> WHAT YOU ARE ASKED TO DO:
Leaving out the pictures, return word for word the stretch of entries below from the line holding "아기는 손을 사용할수록" through the line holding "Работа над интерьером".

> INFORMATION PROVIDED:

Content starts

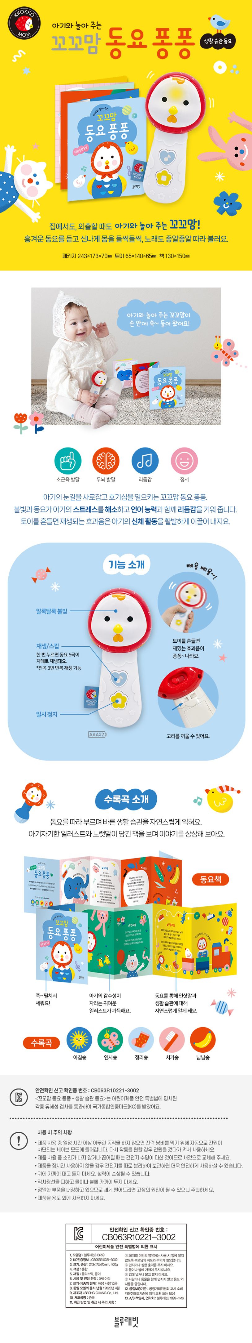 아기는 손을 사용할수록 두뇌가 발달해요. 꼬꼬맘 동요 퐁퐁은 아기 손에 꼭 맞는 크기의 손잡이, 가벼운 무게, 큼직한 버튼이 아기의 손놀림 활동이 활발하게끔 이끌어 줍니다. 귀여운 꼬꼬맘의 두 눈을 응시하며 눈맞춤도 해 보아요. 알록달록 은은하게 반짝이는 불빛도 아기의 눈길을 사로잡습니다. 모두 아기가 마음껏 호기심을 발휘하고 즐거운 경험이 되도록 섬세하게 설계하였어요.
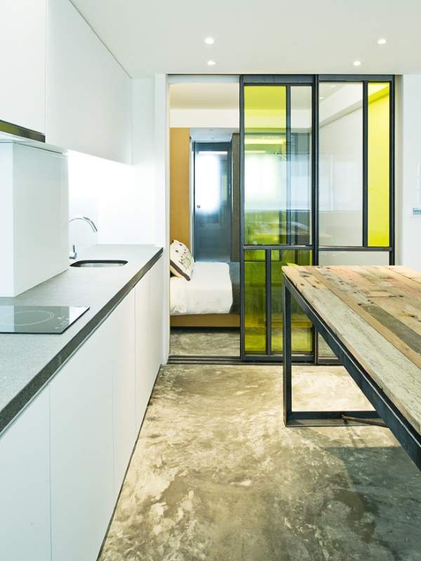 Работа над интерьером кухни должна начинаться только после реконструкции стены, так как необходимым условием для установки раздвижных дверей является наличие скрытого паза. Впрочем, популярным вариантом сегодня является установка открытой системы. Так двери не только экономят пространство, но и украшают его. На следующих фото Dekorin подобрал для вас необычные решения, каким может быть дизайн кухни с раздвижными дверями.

Content ends
Content starts

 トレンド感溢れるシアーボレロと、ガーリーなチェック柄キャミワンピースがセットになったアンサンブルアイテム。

Content ends

> REPLY:
 아기는 손을 사용할수록 두뇌가 발달해요. 꼬꼬맘 동요 퐁퐁은 아기 손에 꼭 맞는 크기의 손잡이, 가벼운 무게, 큼직한 버튼이 아기의 손놀림 활동이 활발하게끔 이끌어 줍니다. 귀여운 꼬꼬맘의 두 눈을 응시하며 눈맞춤도 해 보아요. 알록달록 은은하게 반짝이는 불빛도 아기의 눈길을 사로잡습니다. 모두 아기가 마음껏 호기심을 발휘하고 즐거운 경험이 되도록 섬세하게 설계하였어요.
 Работа над интерьером кухни должна начинаться только после реконструкции стены, так как необходимым условием для установки раздвижных дверей является наличие скрытого паза. Впрочем, популярным вариантом сегодня является установка открытой системы. Так двери не только экономят пространство, но и украшают его. На следующих фото Dekorin подобрал для вас необычные решения, каким может быть дизайн кухни с раздвижными дверями.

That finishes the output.